Edito
19H35 - samedi 20 septembre 2025

Un roman, un débat au Pavillon Henri IV avec Jacques de Villiers : « Mon bâtard du Roussillon est comme le Puy-du-Fou, il puise dans l’histoire de quoi faire vibrer nos cœurs aujourd’hui. »

 

Un roman, un débat au Pavillon Henri IV avec Jacque de Villiers : « Mon bâtard du Roussillon est comme le Puy-du-Fou, il puise dans l’histoire de quoi faire vibrer nos cœurs aujourd’hui. »

Jacques de Villiers, vous serez l’invité du dîner littéraire organisé par le Lions Club Saint-Germain Chateau au Pavillon Henri IV à Saint-Germain-en-Laye jeudi 25 septembre 2025. Vous venez en effet de publier un premier roman dont vous situez la trame au cœur de la croisade d’Aragon, un épisode largement méconnu de notre histoire. Pourquoi ce moment précis, et qu’avez-vous voulu montrer à travers ce décor historique ?

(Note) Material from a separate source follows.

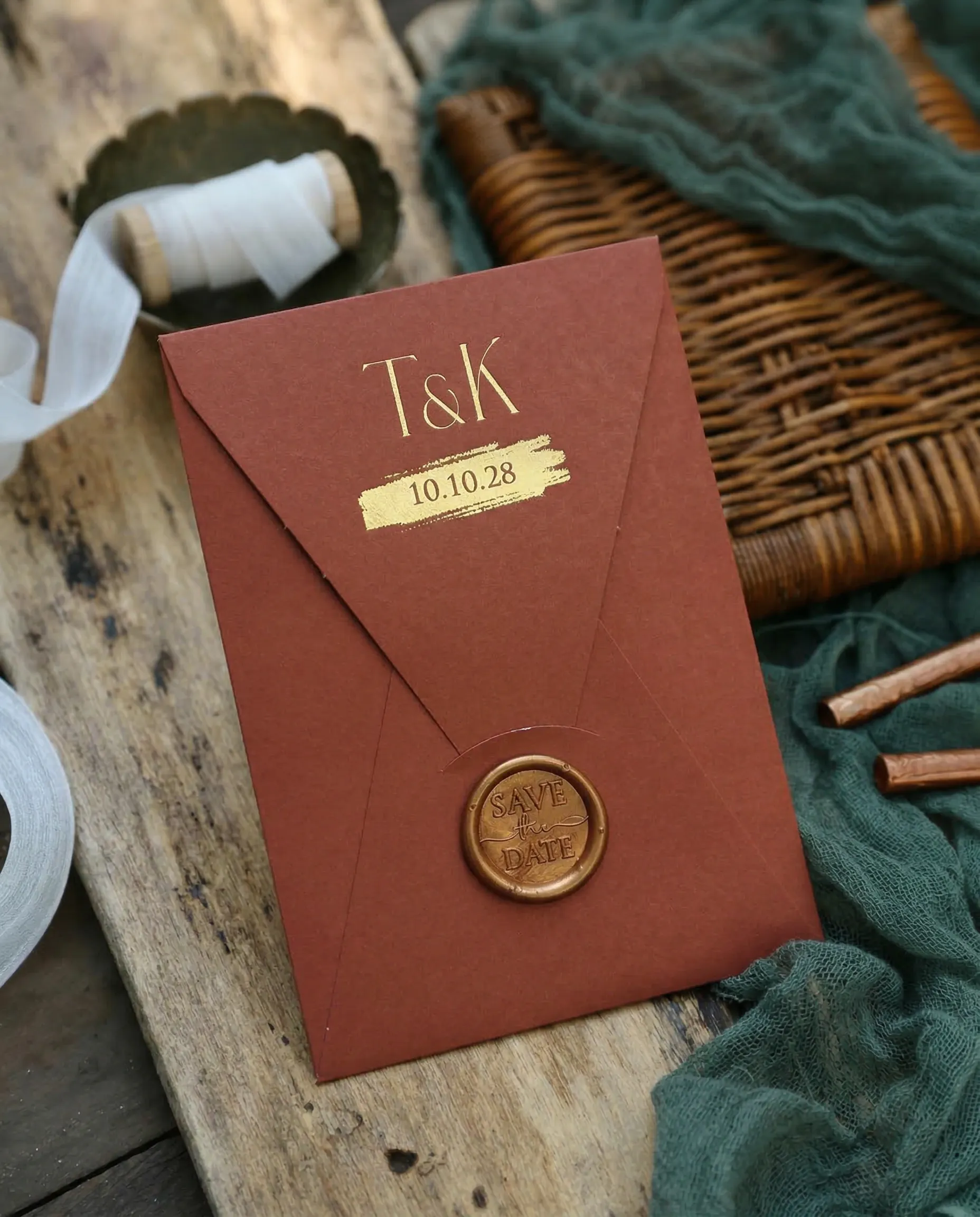 BST-3001 davetiye modeli, dikey açılan kiremit zarfını süsleyen “Save the Date” yazılı altın sarısı balmumu mühür detayıyla dikkat çeker. Mühürün klasik dokusu, zarf üzerindeki modern yaldız baskılarla mükemmel bir denge oluşturuyor. Görseldeki hasır sepet, dökümlü yeşil kumaşlar ve ahşap zemin üzerindeki sunum; bu modelin özellikle rustik, bohem ve sonbahar temalı düğünler için ne kadar ideal bir tercih olduğunu gösteriyor.

Deux raisons m’ont poussé à faire ce choix : d’abord, je cherchais depuis longtemps à écrire sur Philippe le Bel et j’avais dans l’idée de commencer avant qu’il ne devienne roi, pensant que de cette façon je pourrais davantage impliquer mon lecteur. En effet, la personnalité d’un jeune homme de 17 ans promis à la couronne du plus grand royaume d’Europe mérite d’être étudiée autant que celle du roi confirmé.

La deuxième raison tient à la personnalité du bâtard du Roussillon : je cherchais un point d’accroche incarné, un lieu ou une figure qui me permette de faire le lien avec cette volonté de raconter la croisade d’Aragon. Je suis en effet persuadé qu’une trame politique et historique est d’autant plus riche si elle s’ancre dans une réalité précise, géographique, humaine, culturelle. C’est en trouvant, au fil de mes recherches, le personnage du bâtard du Roussillon, gouverneur d’Elne, que le lien s’est fait.

 

Estefan, « le bâtard du Roussillon », est un personnage complexe, à la fois rusé, fidèle et tiraillé entre plusieurs allégeances. Comment l’avez-vous construit, et reflète-t-il selon vous une figure universelle de l’homme en quête de justice ?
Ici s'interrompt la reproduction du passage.